▸ **YOUR ASSIGNMENT**
Verbatim output of the lines below is required, with the images omitted.

▸ **RECORDED INFORMATION**
++++++++++

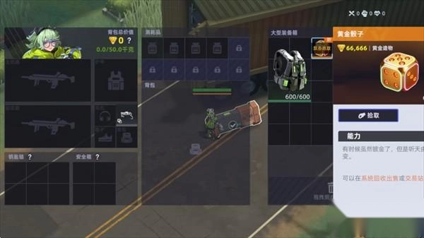1、玩家可以通过地图中高亮处箱子搜集物资,点击右侧栏物品放入背包中。
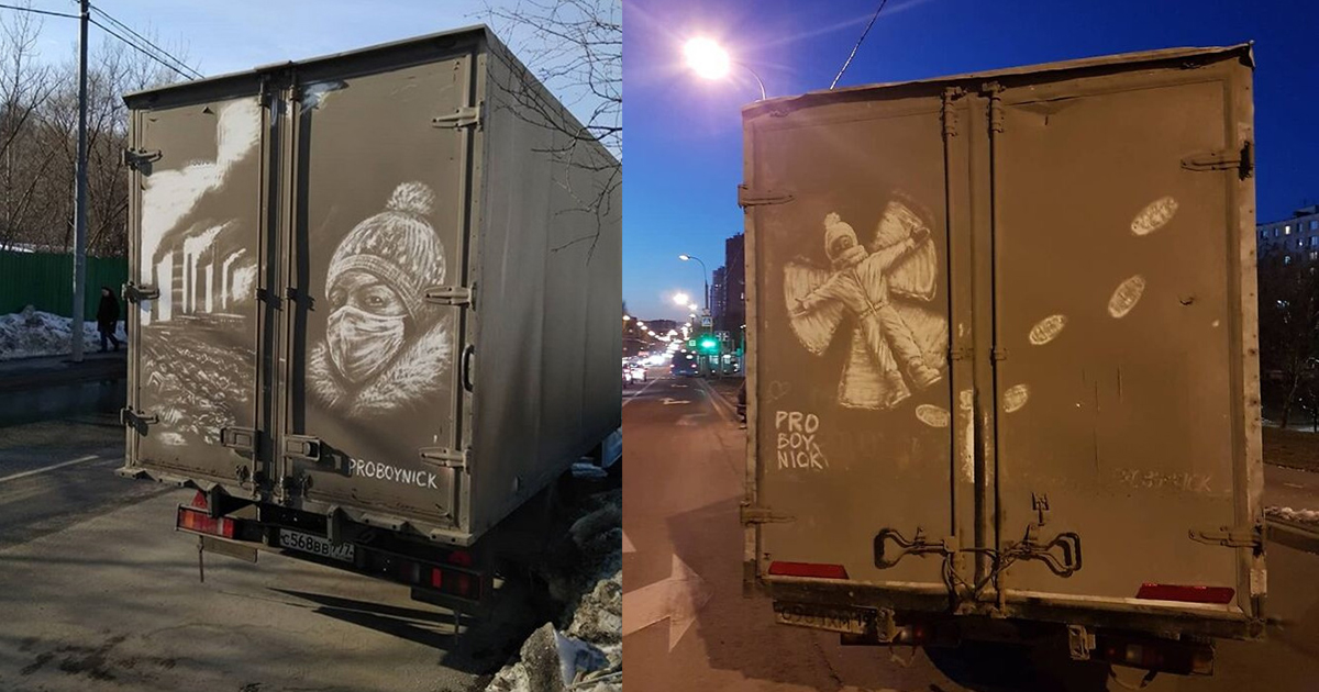 Московские грязные грузовики стали холстами для сюрреалистических рисунков
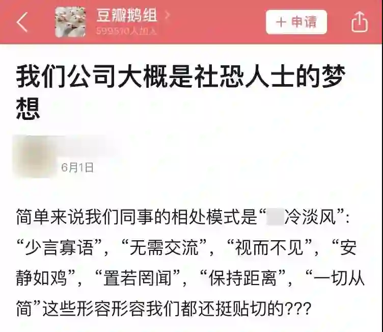 豆瓣有网友发帖表示自己公司就是社恐人士的梦想。
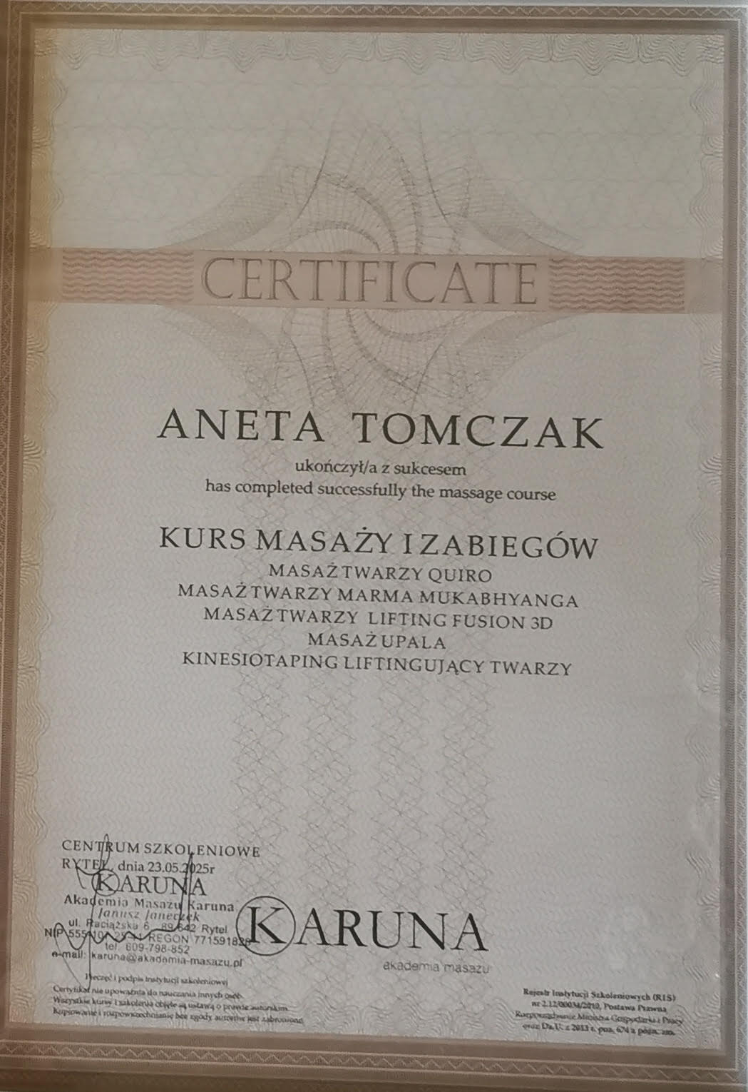 Ukończyłam szkolenia z zakresu masażu Kobido, Kobido Up, szkolenie z face Modelingu, jak również przeszłam szkolenia z masażu transbukalnego zdobywając certyfikat Masterclass(klasa mistrzowska). Stale poszerzam swoją wiedzę i podnoszę kwalifikacje uczestnicząc w różnych specjalistycznych kursach i szkoleniach. Zabiegi, które wykonuję ze szczególną starannością dają widoczne i długotrwałe efekty.

++++++++++

▸ **WRITTEN RESPONSE**
1、玩家可以通过地图中高亮处箱子搜集物资,点击右侧栏物品放入背包中。
 Московские грязные грузовики стали холстами для сюрреалистических рисунков
 豆瓣有网友发帖表示自己公司就是社恐人士的梦想。
 Ukończyłam szkolenia z zakresu masażu Kobido, Kobido Up, szkolenie z face Modelingu, jak również przeszłam szkolenia z masażu transbukalnego zdobywając certyfikat Masterclass(klasa mistrzowska). Stale poszerzam swoją wiedzę i podnoszę kwalifikacje uczestnicząc w różnych specjalistycznych kursach i szkoleniach. Zabiegi, które wykonuję ze szczególną starannością dają widoczne i długotrwałe efekty.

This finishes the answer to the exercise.